* _Task to carry out_
Return only that part of the material below which starts with the line containing "こちらのコーディネート、ノー" and goes on through the line containing "These vintage block", restated exactly.

* _Task inputs_
====================
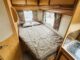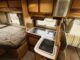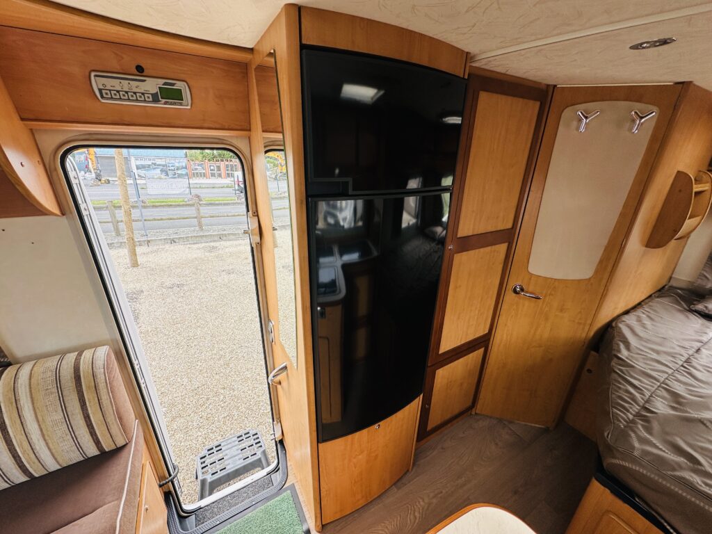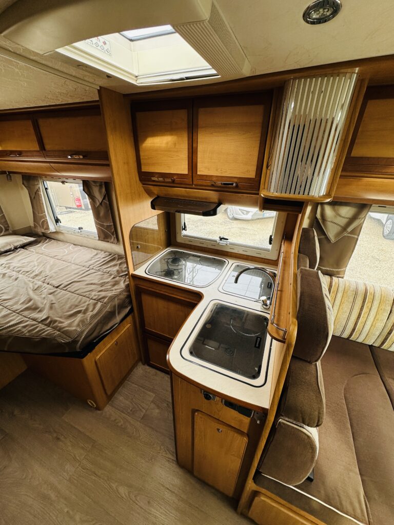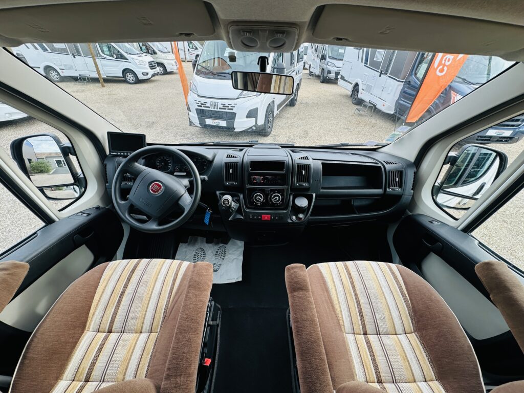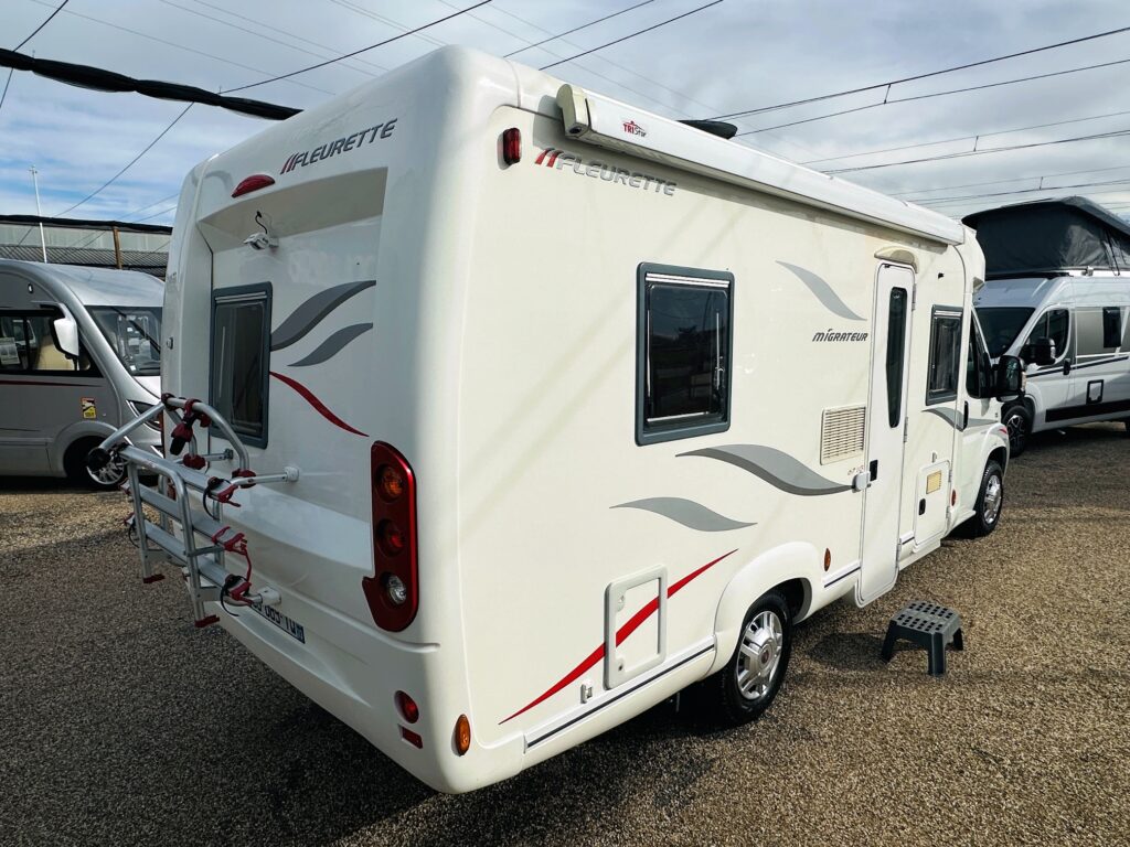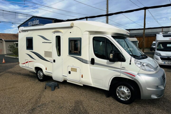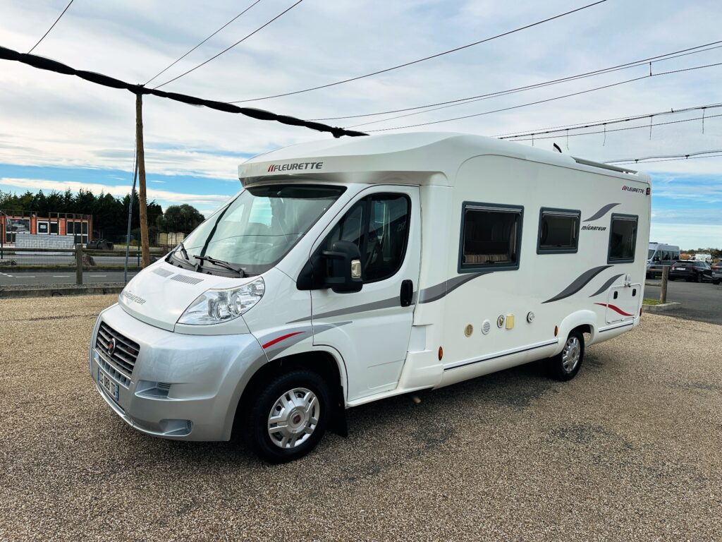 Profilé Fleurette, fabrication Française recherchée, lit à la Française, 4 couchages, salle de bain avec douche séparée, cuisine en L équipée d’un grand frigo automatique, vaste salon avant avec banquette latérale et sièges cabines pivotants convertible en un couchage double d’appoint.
====================
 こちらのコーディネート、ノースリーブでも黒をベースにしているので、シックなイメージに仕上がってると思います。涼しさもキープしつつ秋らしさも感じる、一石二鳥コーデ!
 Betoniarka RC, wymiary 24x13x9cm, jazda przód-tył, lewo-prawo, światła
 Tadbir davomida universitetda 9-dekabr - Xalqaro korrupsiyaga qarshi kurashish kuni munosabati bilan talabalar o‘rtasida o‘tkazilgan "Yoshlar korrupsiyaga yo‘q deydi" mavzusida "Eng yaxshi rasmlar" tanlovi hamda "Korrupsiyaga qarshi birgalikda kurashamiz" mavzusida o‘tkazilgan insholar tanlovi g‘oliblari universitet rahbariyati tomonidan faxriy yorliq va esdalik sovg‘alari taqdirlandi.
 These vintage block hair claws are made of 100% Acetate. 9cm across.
====================
* _Solution to this task_
 こちらのコーディネート、ノースリーブでも黒をベースにしているので、シックなイメージに仕上がってると思います。涼しさもキープしつつ秋らしさも感じる、一石二鳥コーデ!
 Betoniarka RC, wymiary 24x13x9cm, jazda przód-tył, lewo-prawo, światła
 Tadbir davomida universitetda 9-dekabr - Xalqaro korrupsiyaga qarshi kurashish kuni munosabati bilan talabalar o‘rtasida o‘tkazilgan "Yoshlar korrupsiyaga yo‘q deydi" mavzusida "Eng yaxshi rasmlar" tanlovi hamda "Korrupsiyaga qarshi birgalikda kurashamiz" mavzusida o‘tkazilgan insholar tanlovi g‘oliblari universitet rahbariyati tomonidan faxriy yorliq va esdalik sovg‘alari taqdirlandi.
 These vintage block hair claws are made of 100% Acetate. 9cm across.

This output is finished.